I had just finished printing the last of three images I’d selected for old Arty and was about to shut down the wizard when I stopped myself.
It was probably a bad idea.
For all I knew, it might even send some alarm bells blaring.
Then again, no one had said I couldn’t ...
My fingers twitched as I scrolled upward.
Norcroft.
Nopler.
Nolan.
I froze as I stared at the name on the screen in front of me, which seemed somehow larger than all the others even though I knew it wasn’t.
Nocta.
Did I really need to know more about him right now? Maybe I could scare myself even more sheetless another day, after I’d gotten over the shock of even being here.
To click or not to click. That was the –
Click .
A dozen image files appeared, newspaper clippings appeared, and I scanned the headlines.
Car Accident Kills Treasurer Wenton and Two Young Children Found to be the Work of Nocta.
Near Miss as Nocta Reaches the Shores of Dark Island Before Being Stopped by Heronius.
End of an Era ... Heronius Slain, Nocta declares open war.
I sucked in a breath through my nose and let it out slowly.
Nope. I didn’t need to read any of this sheet. Not right now. Not when I’d met the ragtag crew of second-rate runecrafters slated to defeat him.
Then again, to know thine enemy was to know thyself. Wasn’t that the saying?
I just still wasn’t sure whether Nocta was my enemy yet or not.
The chances of me having to face him at all were slim to none.
In fact, none of my new housemates exactly inspired confidence.
I had to assume there was something we hadn’t been told yet.
Something that made Tarquinius think one of us was capable of more than just getting kicked out of class on day one.
What made House Phoenix different? That was maybe the real question here.
I was about to close the last of the clippings when I saw the link. A single video file at the bottom of the screen, dated just weeks ago. I tried to open it, but my hand seemed frozen. In fact, my whole body was suddenly icy with fear.
He’s not going to leap through the screen, dummy.
I sucked in a deep breath and let it out through my nose, and then I opened it. A pretty newscaster with a megawatt smile popped up.
“And that’s it for a list of this month’s centenarian wizards and witches. May all of you make it to your bicentennial!”
Her smile dimmed, and a frown skated across her face as she held one finger to her nearly invisible earpiece.
“And this just in, a Dwimmercraft Digest exclusive. Witches and wizards ... for the first time in nearly fifty years, we have what we believe is an image of Nicodemus Oliphant ... otherwise known as the infamous wizard, Nocta.”
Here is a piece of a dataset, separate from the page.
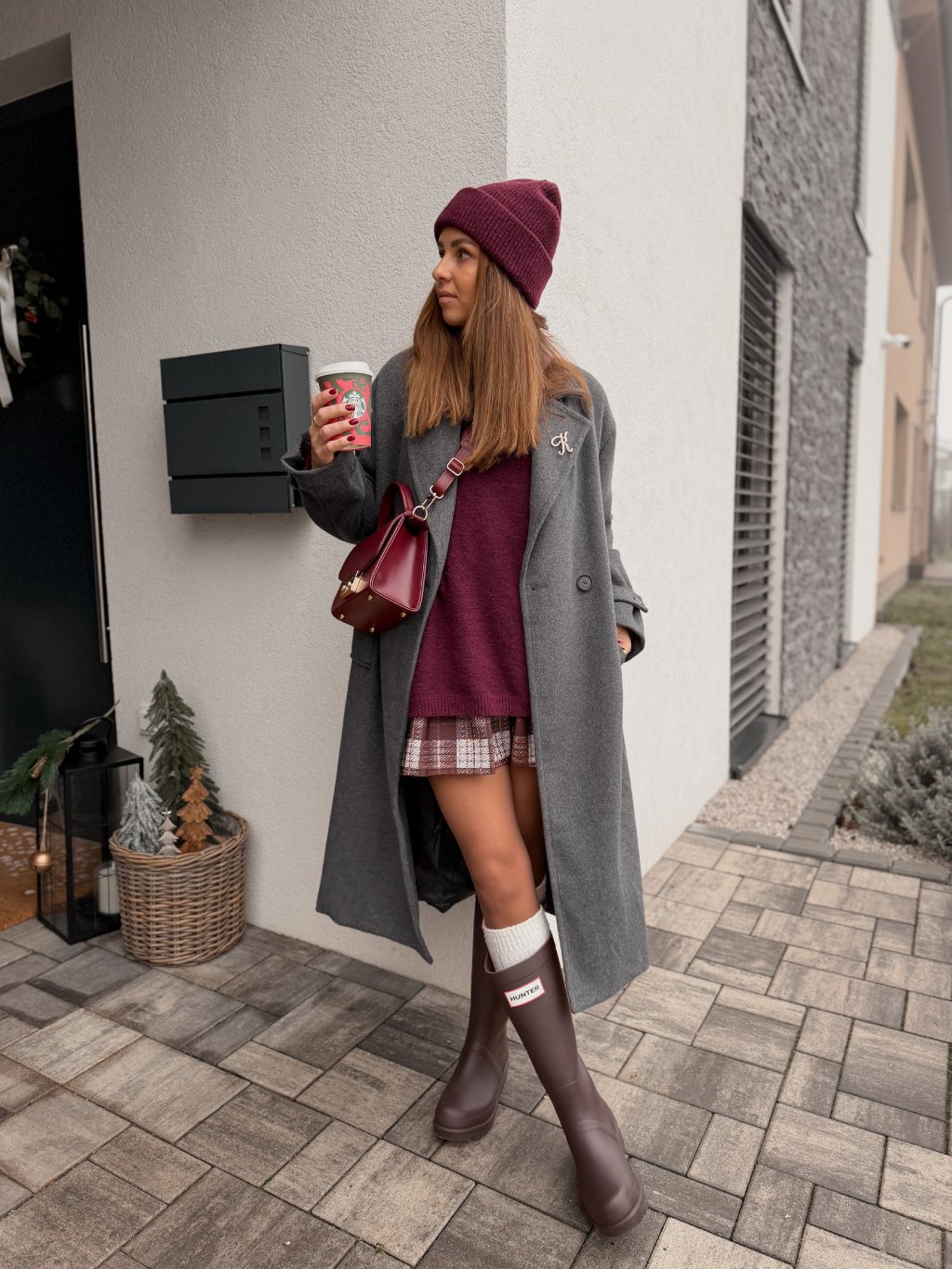 Kabát má větší podíl vlny, takže hezky drží teplo.

The woman disappeared and a picture materialized in her place. I stared at it for a long moment as the cold fingers of dread trailed down the back of my neck.
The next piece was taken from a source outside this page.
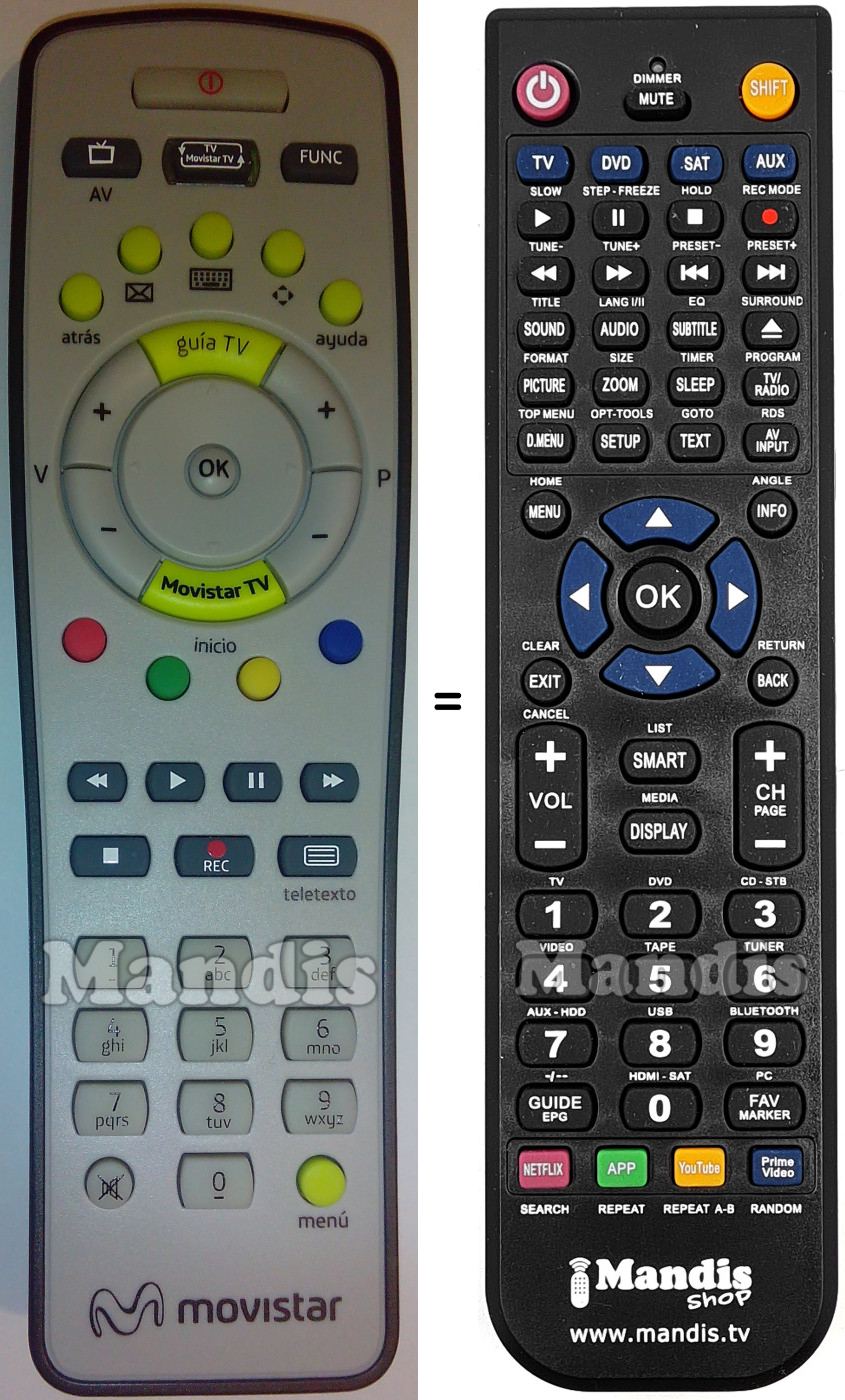 This remote control fully replaces your Movistar-1 and offers all the functions of the original.

The image was a screen grab of a video, so the pixelation was not great.
The man staring back at me had distinguished salt and pepper hair and an angular face that most would call handsome.
But it was his eyes that held me captive.
It had been decades since I’d seen those eyes, and it had been only the once, but they were just as I remembered.
Full of rage, and pain, and a touch of madness.
Purple, with silvery irises, just like mine.
“Who’s that?” Fable whispered from over my shoulder.
But I couldn’t even make my throat work to reply.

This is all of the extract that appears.